3D Printering: Smartphone Resin Printers Actually Work

Last spring, the world saw something amazing. It was a device that would revolutionize the planet, save the world, and turn your smartphone into a 3D printer. Kickstarters aren’t known for selling themselves short. I speak, of course, of the OLO 3D printer, later renamed the ONO 3D printer, ostensibly because of a trademark dispute.

While filament-based 3D printers are extremely capable and slicing software is only getting better, resin-based printers are able to produce prints of nearly unparalleled quality. If you want high-resolution objects and fine detail, a resin printer is the way to go. These resin printers, however, are a bit more expensive than your traditional filament printers. A few hundred dollars will buy you a serviceable i3 clone, and less than a thousand will get you a real Prusa capable of printing in four colors. The premier desktop resin printer, the Form 2 from Form Labs, starts at $3500 USD.

The ONO (or OLO) changed all of this. Instead of lasers and galvanometers or DLP projectors, this $99 resin-based printer used your smartphone display to shine light on a vat of resin. It was brilliant, according to the backers of the OLO Kickstarter. It is “a boon for democratizing 3D printing technology,” according to one idiotic tech blog. People with more sense questioned the feasibility of a resin printer powered by a phone.

For people who are more familiar with 3D printers, there were a few questions concerning the ONO. The Kickstarter campaign showed light-sensitive resin stored in translucent bottles. Control of the Z-axis stage of this printer was apparently through the headphone port. Different models of smartphones have different thicknesses, and there is no documentation how this would affect the distance from the resin tank to the screen. If a print on the OLO takes an hour, you can’t use your phone for an hour. OLO (or ONO) had a booth at this year’s World Maker Faire in New York, and I didn’t see one of these machines actually working. Simply put, we don’t know if the ONO actually works. For a 3D printer that made its debut on Kickstarter, this should come as no surprise.
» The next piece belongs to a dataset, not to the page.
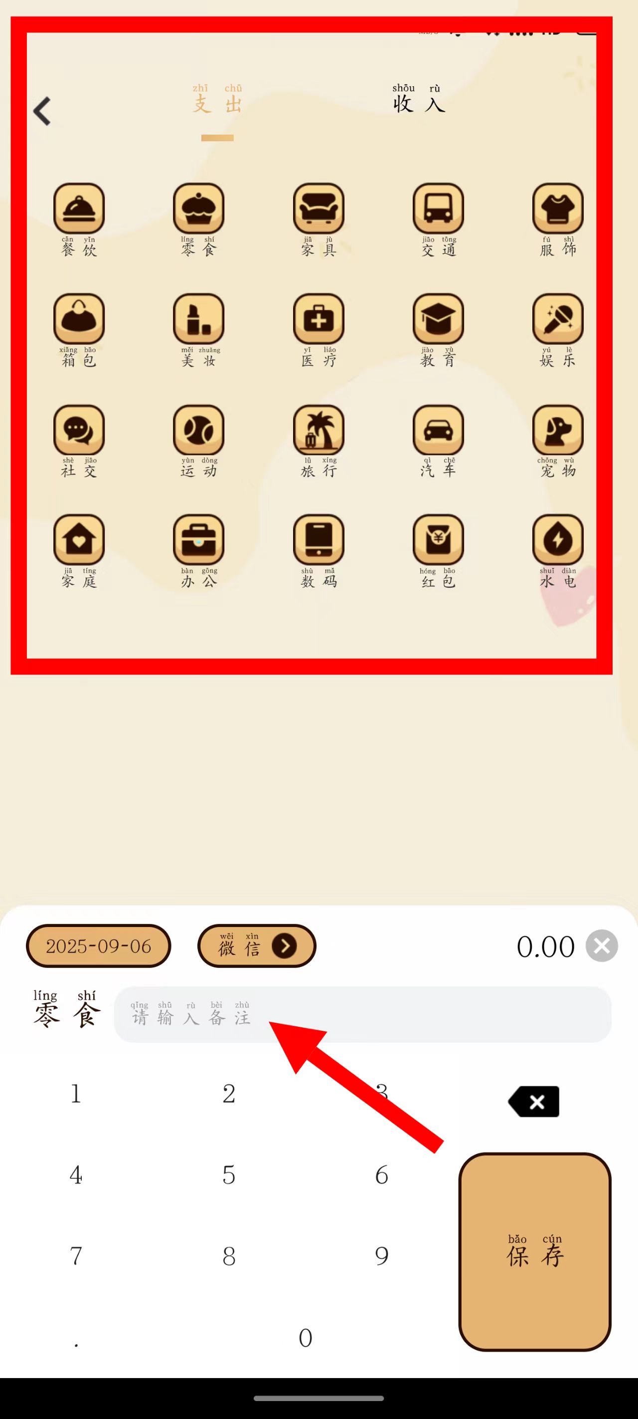 3、选择消费类别,输入消费金额,并在备注栏填写消费详情。

However, just because the Kickstarter campaign doesn’t make any sense, is several months late shipping to backers, and there was apparently no working model in September doesn’t mean there’s anything wrong with the technology. The idea of using an LCD to shine light directly onto the bottom of a resin tank is interesting, and at least deserves some experimentation.

Someone finally did it. In a YouTube video uploaded this week, [Ionel Ciobanuc] demonstrated a homebrew 3D printer that is pretty much what ONO pretends to be. It’s a 5 inch LCD driven by a Raspberry Pi running nanoDLP with a simple motorized Z-axis pulling the print out of the resin. It works. Compared to a Form Labs print, or even a high-quality print off a filament-based machine it doesn’t work terribly well, but it works. In any event, it’s an experiment and proof of concept.

Whether or not the ONO works or not, and when it will ship is irrelevant. We’ve seen cooler printers with more interesting technology fail spectacularly. In any event, resin printers will, for the time being, be weird and exotic devices, powered by lasers and galvos or pricey DLP projectors.

However, this experimental 3D printer from [Ionel] shows what can be done with even the most minimal BOM. It’s not unreasonable to think this experiment in resin printing could be built for less than $100, and further experiments could bring that cost down even more. The idea presented by the ONO printer – putting a display at the bottom of a resin tank – actually works.